Member of Parliament, Rajya Sabha
- In office 2002–2007
- Constituency: Karnataka

Mayor of Bangalore
- In office 2000–2001
- Preceded by: Padmavati Gangadhara Gowda
- Succeeded by: P R Ramesh

Deputy Mayor of Bangalore
- In office 1994–1995

Personal details
- Born: Somaiyanda Kushalappa Prema 15 July 1951 (age 75) Virajpet, Coorg State, India
- Party: Indian National Congress
- Spouse: Iychettira M. Cariappa
- Children: 2

= Prema Cariappa =

Indian political and social worker

Iychettira Prema Cariappa is an Indian political and social worker. A politician from Indian National Congress party, she was a former Mayor of Bangalore and a former MP (member of the Parliament of India), as she was representing Karnataka in the Rajya Sabha, the upper house of the Indian Parliament. She is also the chairperson of the Central Social Welfare Board.

==Personal life==
Prema Cariappa was born in Virajpet on 15 August 1951 to Somaiyanda B. Kushalappa and Thangamma. She completed her college education in Mysore where she studied Bachelor of Arts from Teresian College. Later she married Iychettira M. Cariappa on 13 June 1971. They have two children, a son and a daughter.

==Career==

===Mayor of Bangalore===
During 1990–91, Prema Cariappa had been the Chairperson of the Public Accounts Committee, Bangalore City Corporation. Between 1991 and 2001, she was a Corporator in the Bangalore City Corporation. In the years 1991–93, she was Deputy Leader of the Bangalore City Corporation. In 1996–97 she became the Party Leader of the Bangalore City Corporation. In the years1996-99, she was Secretary for the Karnataka Pradesh Congress Committee. She first became the deputy mayor of Bangalore in 1994–95 and then later she became the Mayor of Bangalore in 2000–01, hence becoming the first woman to have occupied both positions.

===Member of the Rajya Sabha===
She was elected to the Rajya Sabha for a six-year term in April 2002. On 16 June 2004, she was appointed the Chief Whip of the Congress Party in the Rajya Sabha. During the winter session of 2006, she had strongly supported the Women's Reservation Bill along with other women politicians from across parties.

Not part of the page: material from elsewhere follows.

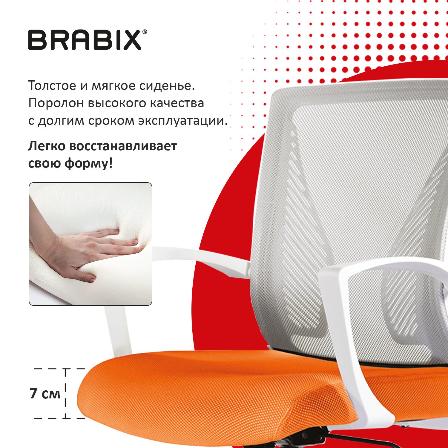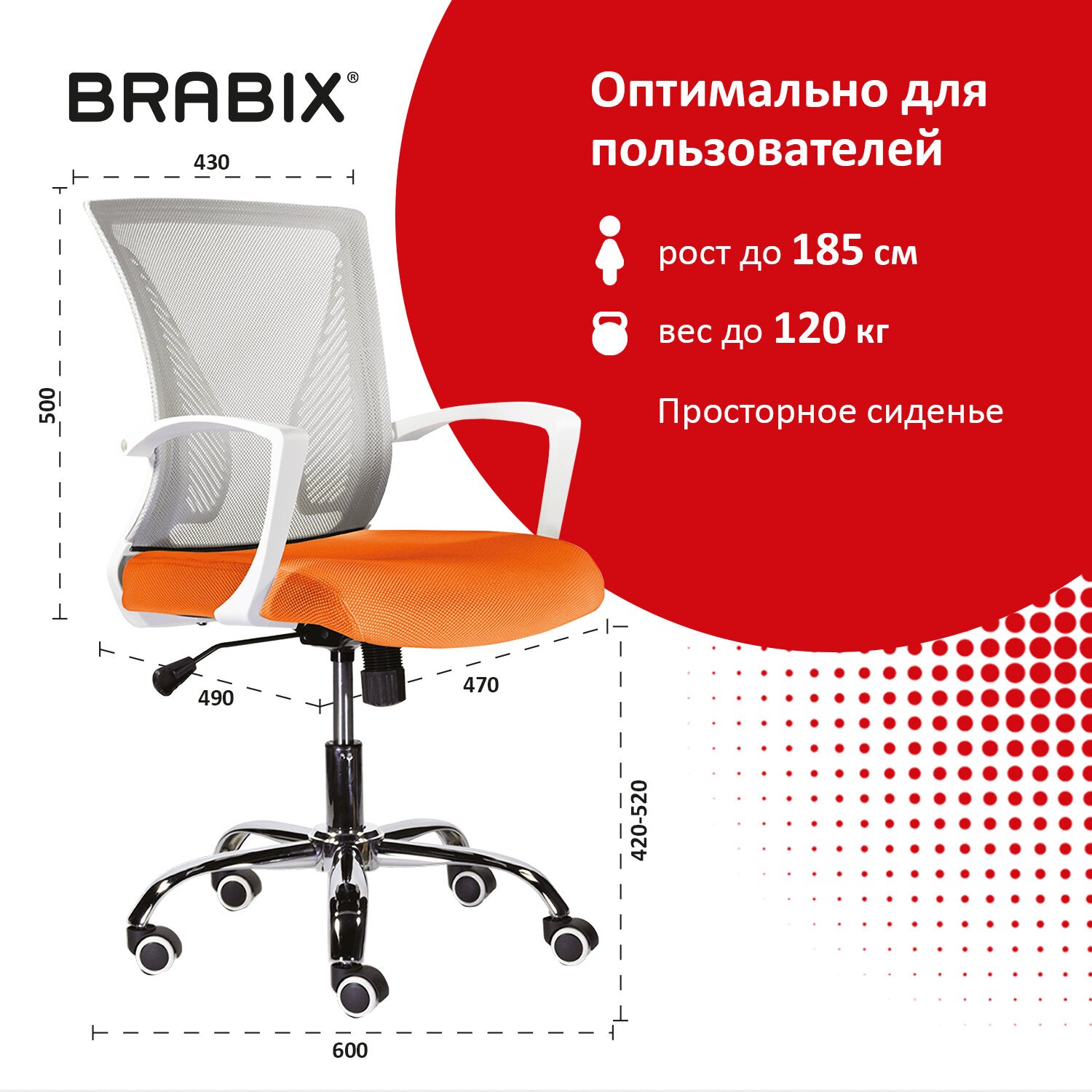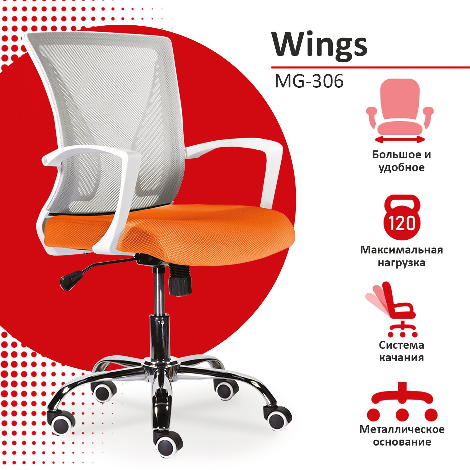 Кресло BRABIX "Wings MG-306", пластик белый, хром, сетка, серое/оранжевое, 532011
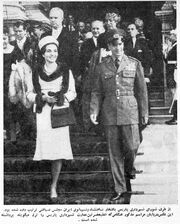 [[پرونده:ShahanshahShahbanouReceptionMinistryForeignAffairs1340.jpg|thumb|left|180px|اعلیحضرتین در میهمانی وزارت خارجه]] | |||

===Chairperson, Central Social Welfare Board===

On 16 June 2008, she took over as chairperson of the Central Social Welfare Board.

===Social Welfare===
She has worked for the uplift of the poor, widows and destitutes, the development of cities and villages, the improvement of water supply and sanitation and the maintenance of green cover.

===Various Organisations===
In 1998–99 she was Chairman of Public Works & Town Planning. In 2000–2002 she was Member of Indian Institute of Public Administration. Between April 2002 and Feb. 2004 she was Member of Committee on Urban and Rural Development. Between August 2002 and February 2004 she was Member of Consultative Committee for the Ministry of Commerce and Industry Member, Hindi Salahakar Committee (Sub-Committee on Science and Technology). From August 2002 onwards she is Member of Committee on External Affairs Member, Committee on Empowerment of Women Member, Committee on Government Assurances. From Oct. 2004 onwards she is Member of Consultative Committee for the Ministry of Urban Development. From Dec. 2004 onwards she is Member of Central Silk Board Member, Coffee Board. She is also the President and Advisor for various Mahila Samajas and sports organizations, as well as the President of the Karnataka State Harijan Sevak Sangh.

===Conferences===
She participated in a World Conference on Women's Security and Gender Equality held at Bangkok, Thailand in September 2002, a Special Session on Children held at New York, U.S.A. in 2002, a World Conference on 'Making the World a Better Place' organised by Brahmakumaries at Mount Abu, Rajasthan, a South East Asia Seminar on AIDS held at Islamabad, Pakistan in 2005 and an Inter -Parliamentary Union (IPU) Conference on"Beyond Beijing: Towards Gender Equality in Politics", as a national delegate at UN Headquarters in New York in March 2005. She attended World Mayors Conference at Berlin, Germany in 2002 and visited China at the invitation of Indo-China Friendship Society to strengthen relationship and mutual understanding among people of the two countries.